[Items from a dataset]
..............................

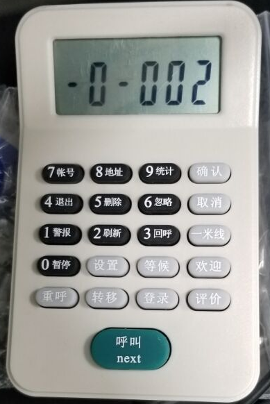| 屏幕显示 | 6位LCD显示,前两位显示当前等候人数,后四位显示当前呼叫号码 |
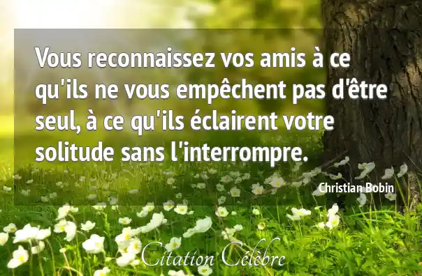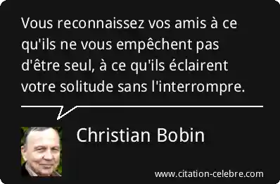 Vous reconnaissez vos amis à ce qu'ils ne vous empêchent pas d'être seul, à ce qu'ils éclairent votre solitude sans l'interrompre.
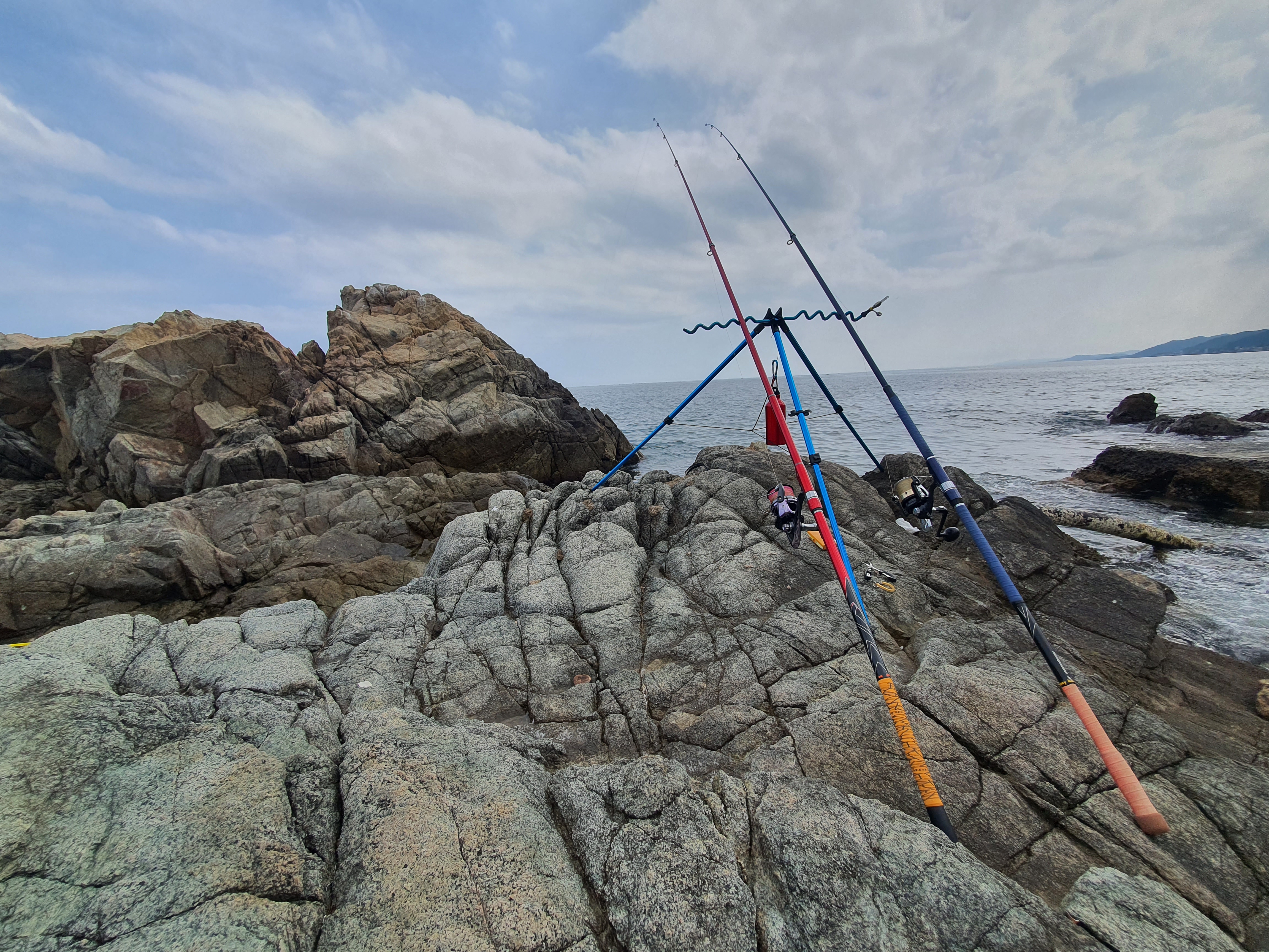 보다 안전한 갯바위의 비밀포인트에서 쌍포를 펴 봅니다. 캐스팅하자마자 입질이 우두둑 들어오네요. 역시 믿음을 져버리지 않는 비밀포인트입니다.
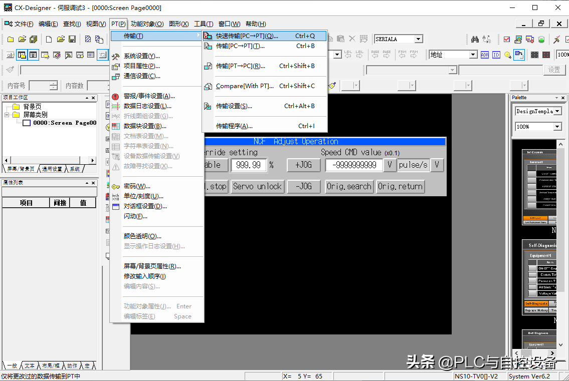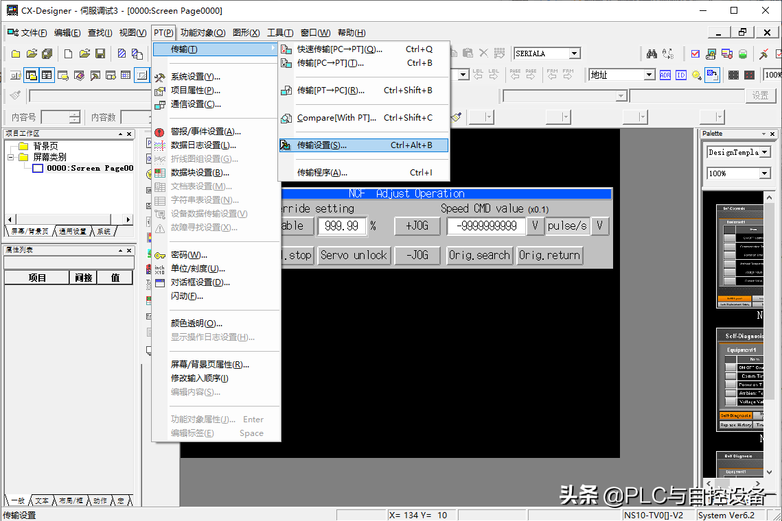 打开CX-Designer欧姆龙NS系列HMI制作软件,打开之前保存的NS文件。选择菜单“PT”→“传输”→“传输设置”→进入传输设置窗口。
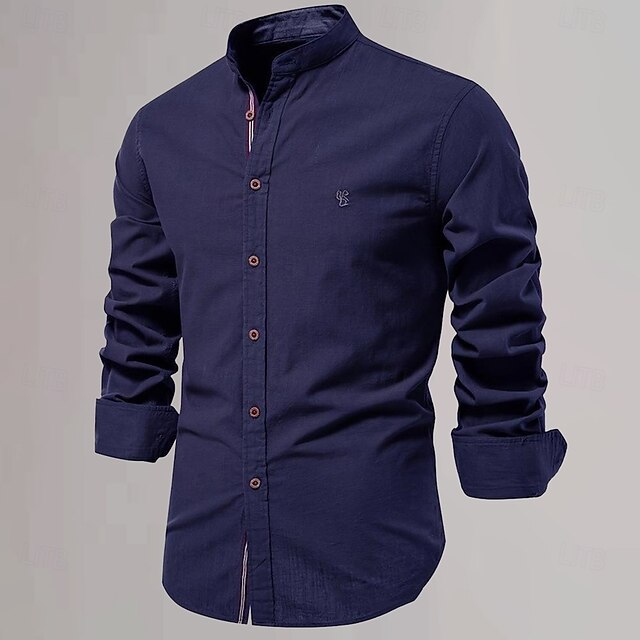 sizzling ! Men's Chinese Collar Shirt Mandarin Collar Shirt Cotton Linen Shirt Plain Vacation Casual Daily Black White Light Green Dark Blue Long Sleeve Grandad Collar Clothing Apparel

..............................

__Exercise goal__
Your task is to reproduce exactly the lines from the start of the data above through the line containing "Vous reconnaissez vos", leaving every picture out.

__Expected answer__
| 屏幕显示 | 6位LCD显示,前两位显示当前等候人数,后四位显示当前呼叫号码 |
 Vous reconnaissez vos amis à ce qu'ils ne vous empêchent pas d'être seul, à ce qu'ils éclairent votre solitude sans l'interrompre.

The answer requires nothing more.